Your goal: Leaving out every picture, quote the data below exactly as it appears.

Dataset section:

________________________________________

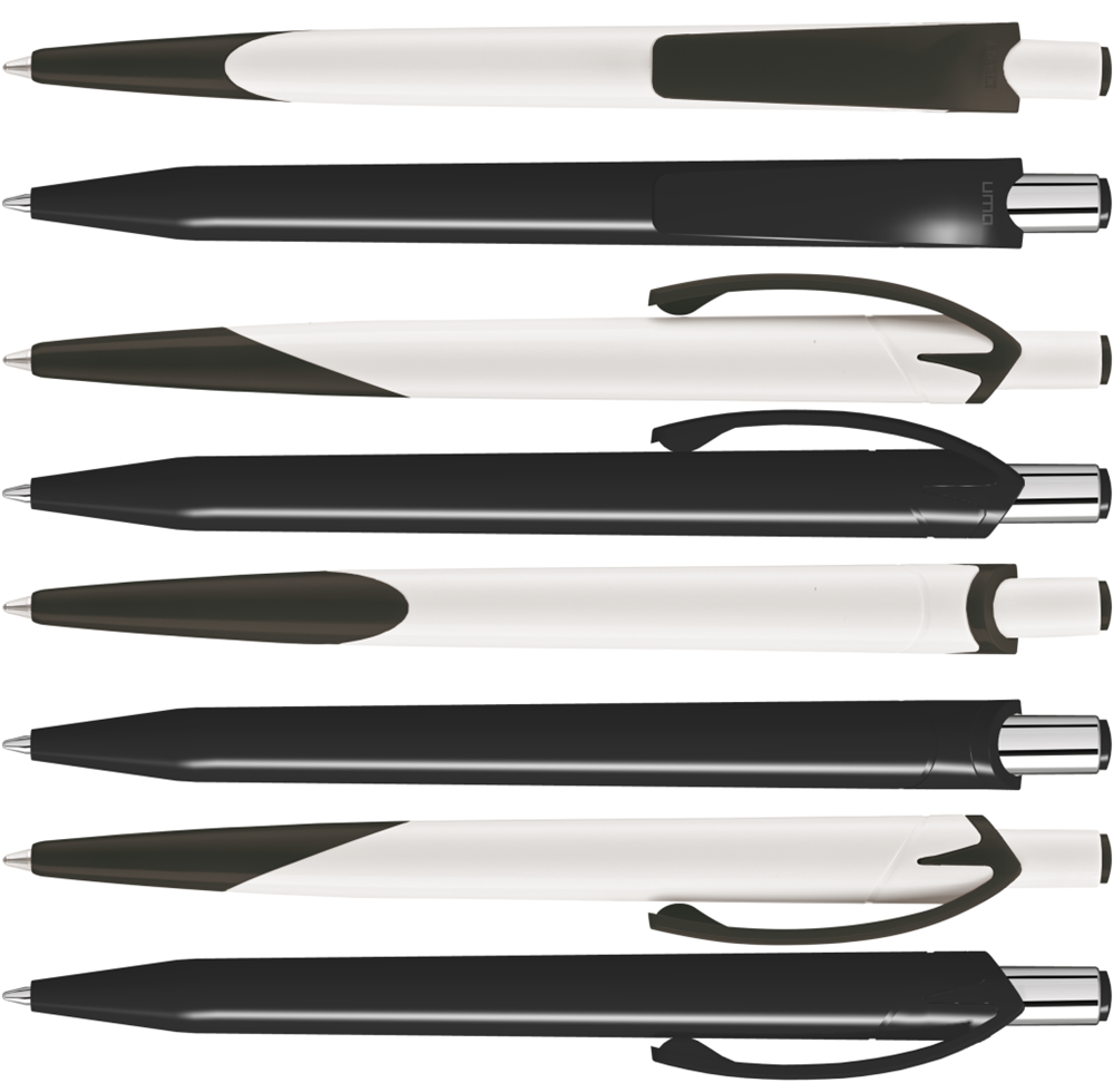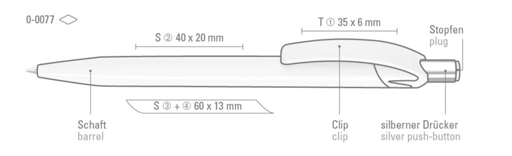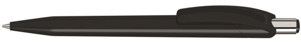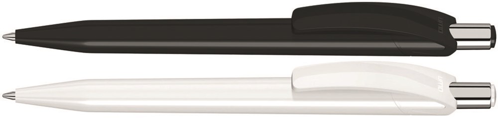 Druckkugelschreiber mit glänzend gedecktem Gehäuse und Drückerstopfen in schwarz oder weiß. Drücker in silber glänzend.
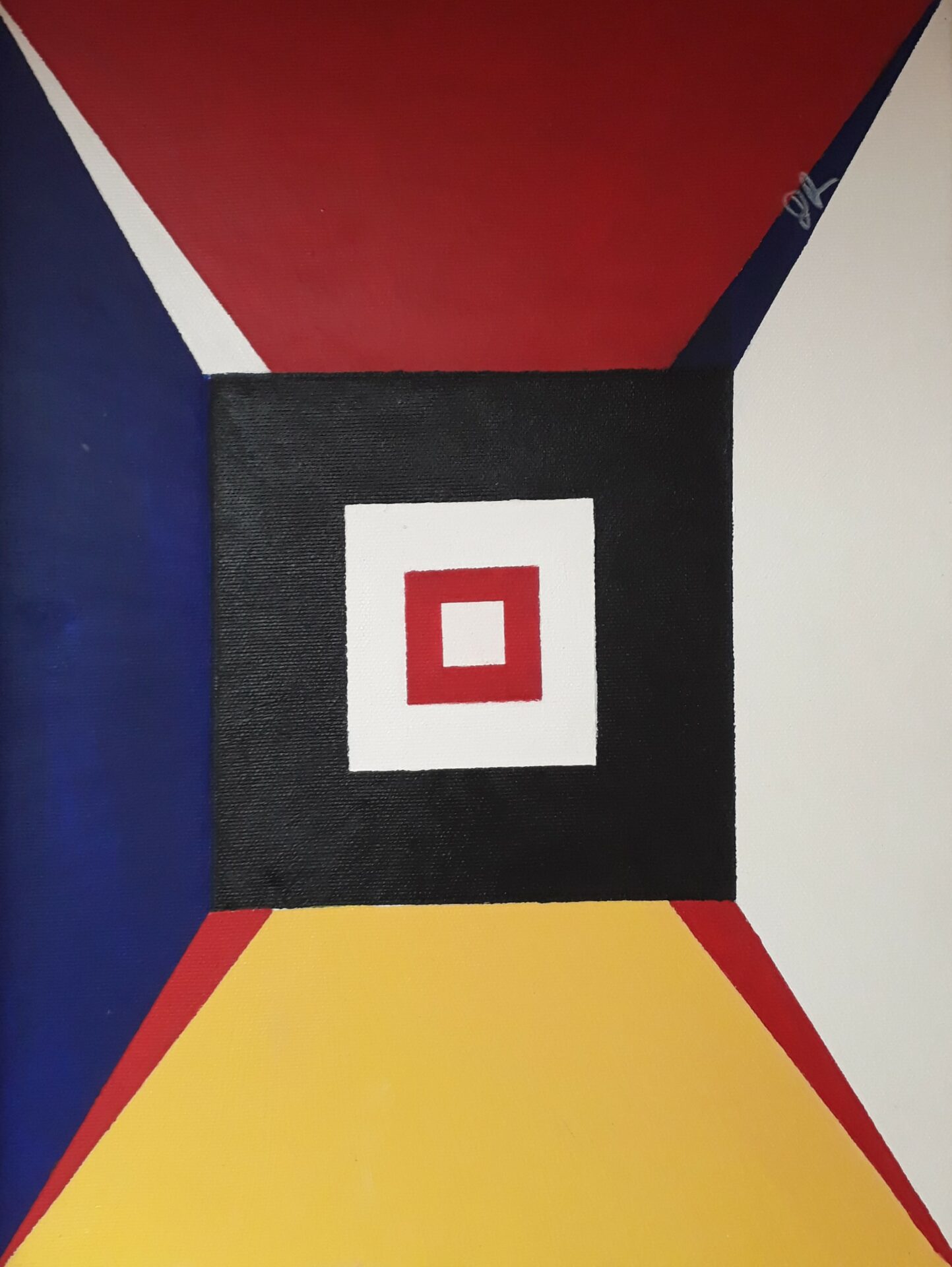 Obraz Doroty Ratajczak. Tym razem bardzo geometryczny. Prosty, a zarazem trudny. Wymagajacy ogromnej prezycji. Jest namalowny akrylem na płótnie. Nieoprawiony. Boki pomalowane w kolorze białym.
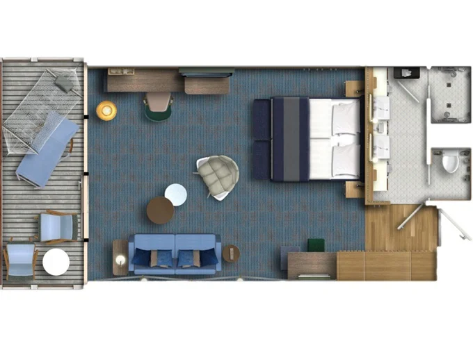 | SUSO - Übersee Suite 40 m² + balkón 9 m² s ležadlami a hojdacou sieťou. 14. paluba. Max 4 osoby. Výhody Suite. | 27 056 € 6 764 € za osobu |

________________________________________

Task answer:
 Druckkugelschreiber mit glänzend gedecktem Gehäuse und Drückerstopfen in schwarz oder weiß. Drücker in silber glänzend.
 Obraz Doroty Ratajczak. Tym razem bardzo geometryczny. Prosty, a zarazem trudny. Wymagajacy ogromnej prezycji. Jest namalowny akrylem na płótnie. Nieoprawiony. Boki pomalowane w kolorze białym.
 | SUSO - Übersee Suite 40 m² + balkón 9 m² s ležadlami a hojdacou sieťou. 14. paluba. Max 4 osoby. Výhody Suite. | 27 056 € 6 764 € za osobu |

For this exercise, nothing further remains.